● Work to be completed
Reproduce the listing that follows in full. Omit its images.

● Dataset extract
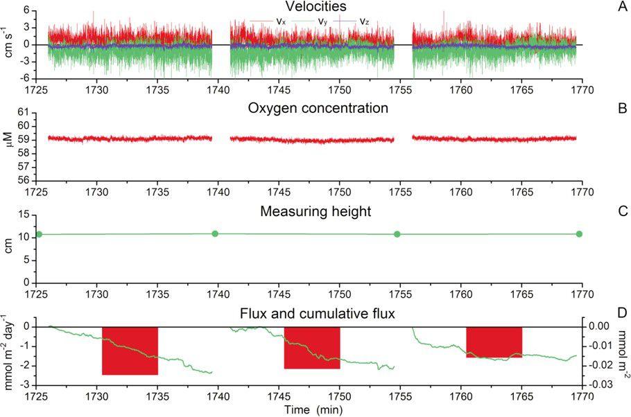 圖2、三個連續(xù)的13.5分鐘爆發(fā)的渦旋相關數(shù)據(jù)。(A)原始8赫茲速度數(shù)據(jù)(x、y、z)。可見的高頻噪聲源于底部水域中的低粒子濃度。(B)原始8赫茲O2濃度數(shù)據(jù)。(C)ADV記錄的每個爆發(fā)開始和結(jié)束時沉積物表面上方的速度和O2濃度的測量高度。(D)每個爆發(fā)的推導O2通量(柱形)和相關的累積通量(線)。
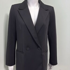 Lined black double breasted blazer with single back slit (still sewn shut)
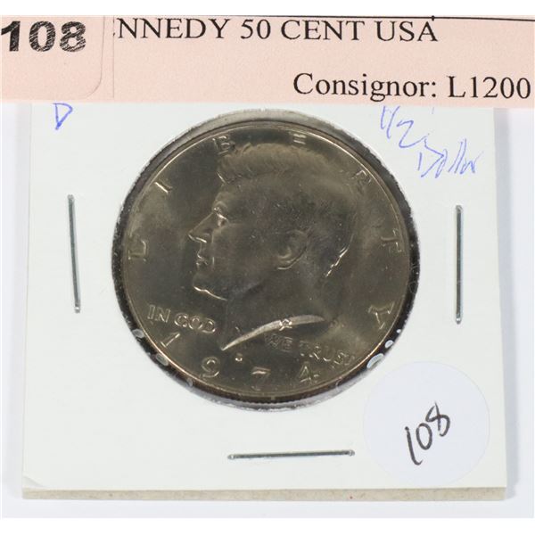 LOOK CLOSELY AT DETAILS IN THE COIN & DATE. 1974 D Kennedy 1/2 Dollar popular 1/2 Dollar of collectors and Historians
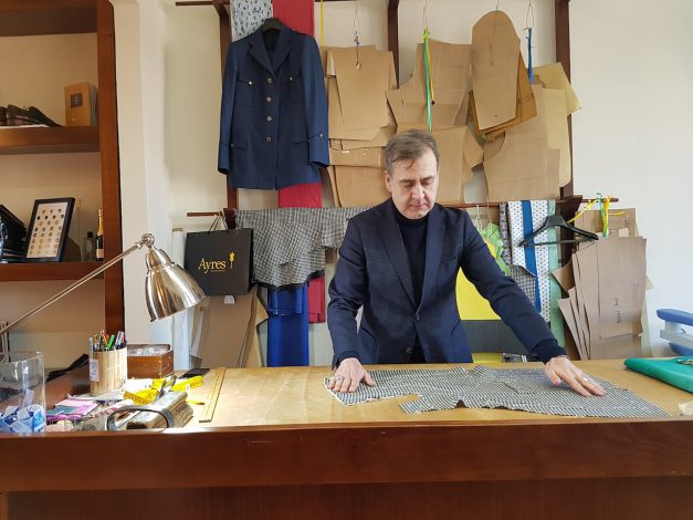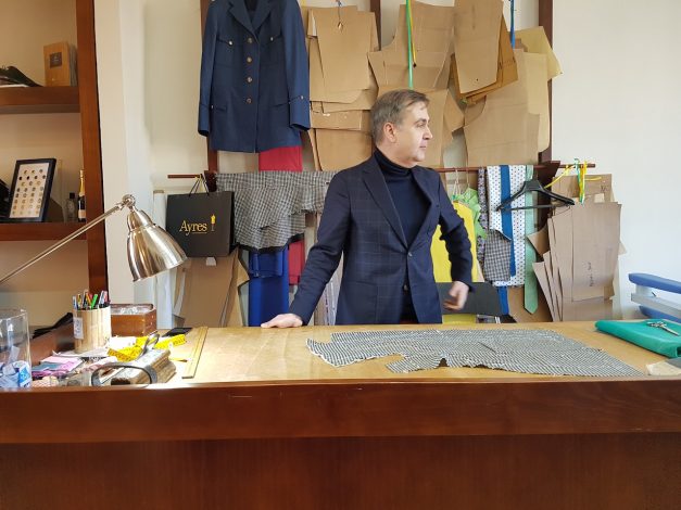 A moda masculina não pode negar a sua faceta de alfaiataria que abarca a faceta de “feito à medida”. Por isso, era imprescindível visitar e conhecer melhor o trabalho excepcional deste mestre. Começando nestas lides pela orientação do avó, já que nascido numa família de alfaiates, depois de várias experiências fora de Portugal, passa em 2006 por Saville Row. Nesse centro da elegância masculina, entra com contacto com vários mestres da área,

● Written solution
 圖2、三個連續(xù)的13.5分鐘爆發(fā)的渦旋相關數(shù)據(jù)。(A)原始8赫茲速度數(shù)據(jù)(x、y、z)。可見的高頻噪聲源于底部水域中的低粒子濃度。(B)原始8赫茲O2濃度數(shù)據(jù)。(C)ADV記錄的每個爆發(fā)開始和結(jié)束時沉積物表面上方的速度和O2濃度的測量高度。(D)每個爆發(fā)的推導O2通量(柱形)和相關的累積通量(線)。
 Lined black double breasted blazer with single back slit (still sewn shut)
 LOOK CLOSELY AT DETAILS IN THE COIN & DATE. 1974 D Kennedy 1/2 Dollar popular 1/2 Dollar of collectors and Historians
 A moda masculina não pode negar a sua faceta de alfaiataria que abarca a faceta de “feito à medida”. Por isso, era imprescindível visitar e conhecer melhor o trabalho excepcional deste mestre. Começando nestas lides pela orientação do avó, já que nascido numa família de alfaiates, depois de várias experiências fora de Portugal, passa em 2006 por Saville Row. Nesse centro da elegância masculina, entra com contacto com vários mestres da área,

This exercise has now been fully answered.